> [What to work on] Starting at the first line of the records below, reproduce every line up to and including the line with "9月29日晚,学校在体育馆隆", but leave out all pictures.

> [Extracted data entries]
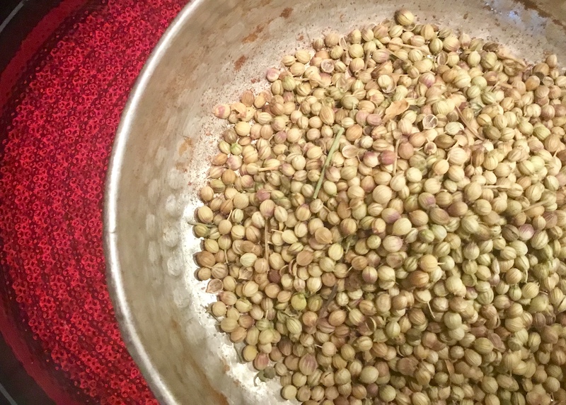 Tane kişnişler biraz kavrulup, sonra havanda eziliyor. O sırada yayılan koku olağanüstü.
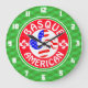 Basque cross, with USA flag, and lauburu motifs and the text Basque American. In red and green.
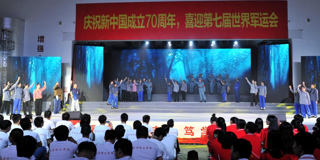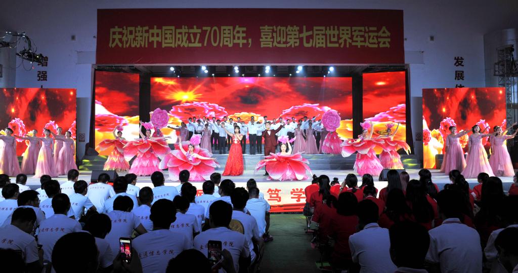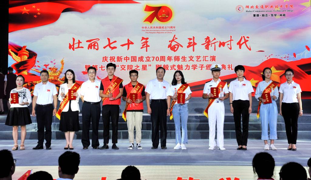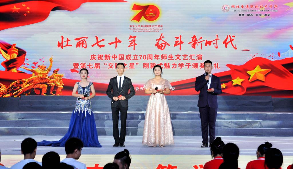 9月29日晚,学校在体育馆隆重举行了庆祝新中国成立70周年师生文艺汇演暨第七届“交院之星”刚毅式魅力学子颁奖典礼,全体在家校领导,各职能部门、二级学院负责人,老师、学生代表等近千名师生员工欢聚一堂,共庆祖国七十华诞。
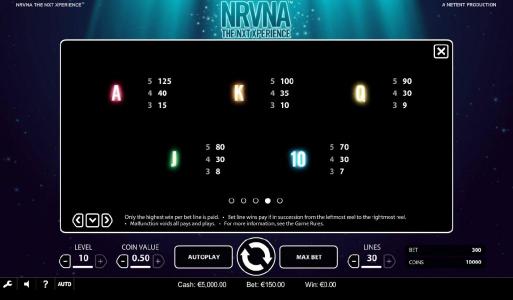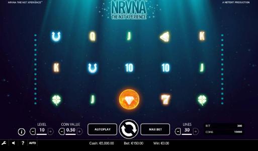 NRVNA-The-NXT-XperienceThe slot’s design is almost as unusual as the title. Featuring a modern design, it nonetheless chooses symbols which have symbols in them that are either poker cards, they’re luck related or classics. The action seems to be taking place somewhere in the depths of the ocean, the dark blue water getting only a bit of light from the surface. NRVNA is a game which is offered by Net Entertainment.
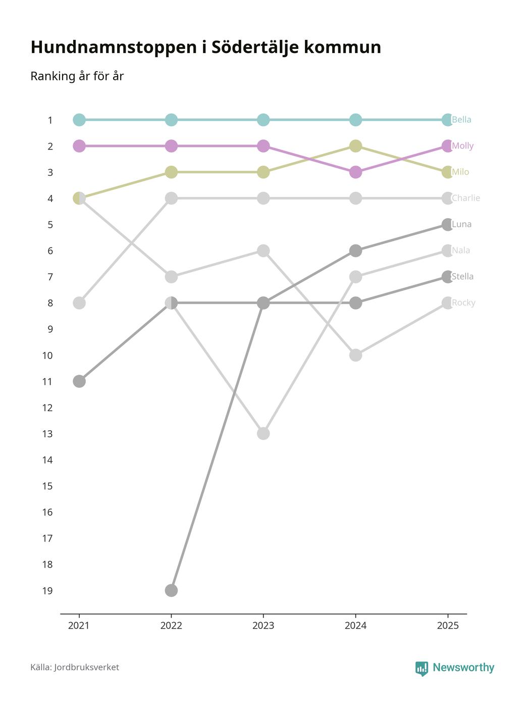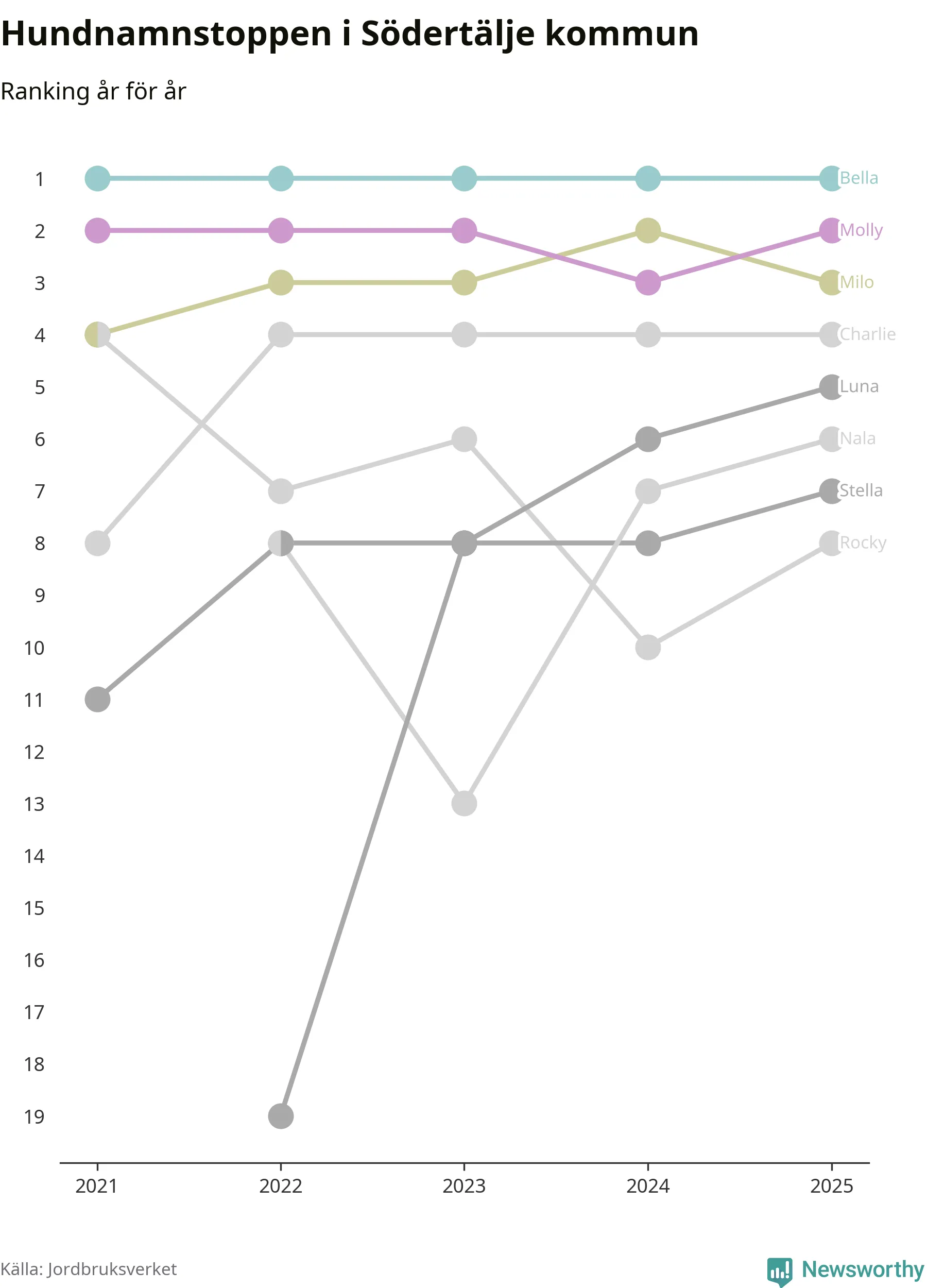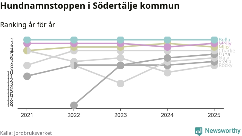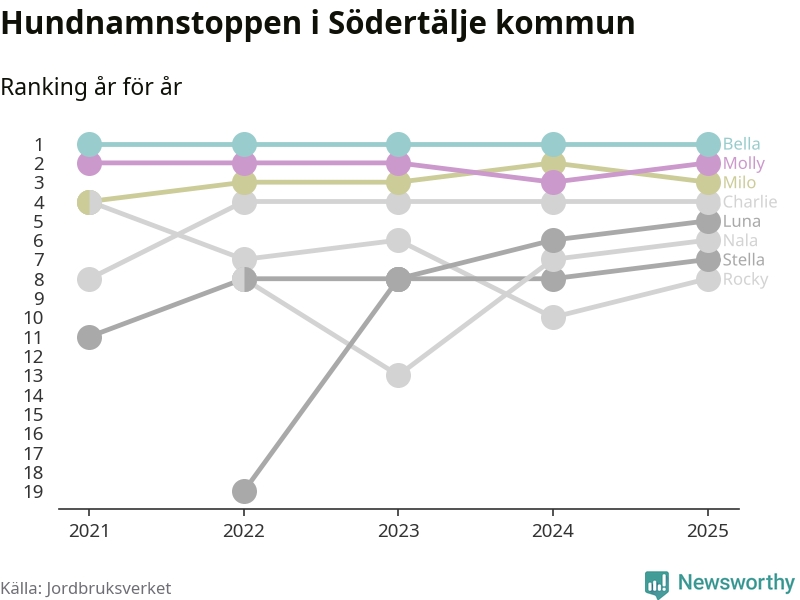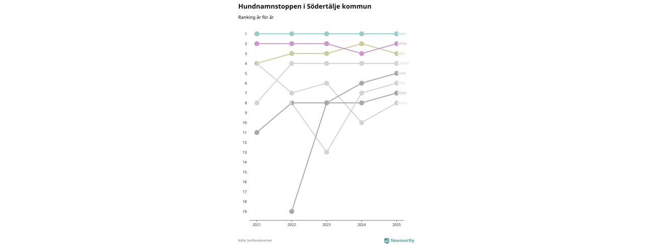 Molly är fortsatt ohotad etta bland hundnamnen i Sverige, följt av Bella och Charlie. Så har det sett ut flera år i rad, men bland Södertäljehundarna är Bella populärast.
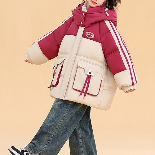 Bambini Ragazze Giacca in piuma Giacca Imbottita Lettera Sport Tasca Tenere al caldo Antivento All'aperto Cappotto Capispalla Dai 4 anni in su Inverno Nero Giallo Rosa

> [Exercise response]
 Tane kişnişler biraz kavrulup, sonra havanda eziliyor. O sırada yayılan koku olağanüstü.
 Basque cross, with USA flag, and lauburu motifs and the text Basque American. In red and green.
 9月29日晚,学校在体育馆隆重举行了庆祝新中国成立70周年师生文艺汇演暨第七届“交院之星”刚毅式魅力学子颁奖典礼,全体在家校领导,各职能部门、二级学院负责人,老师、学生代表等近千名师生员工欢聚一堂,共庆祖国七十华诞。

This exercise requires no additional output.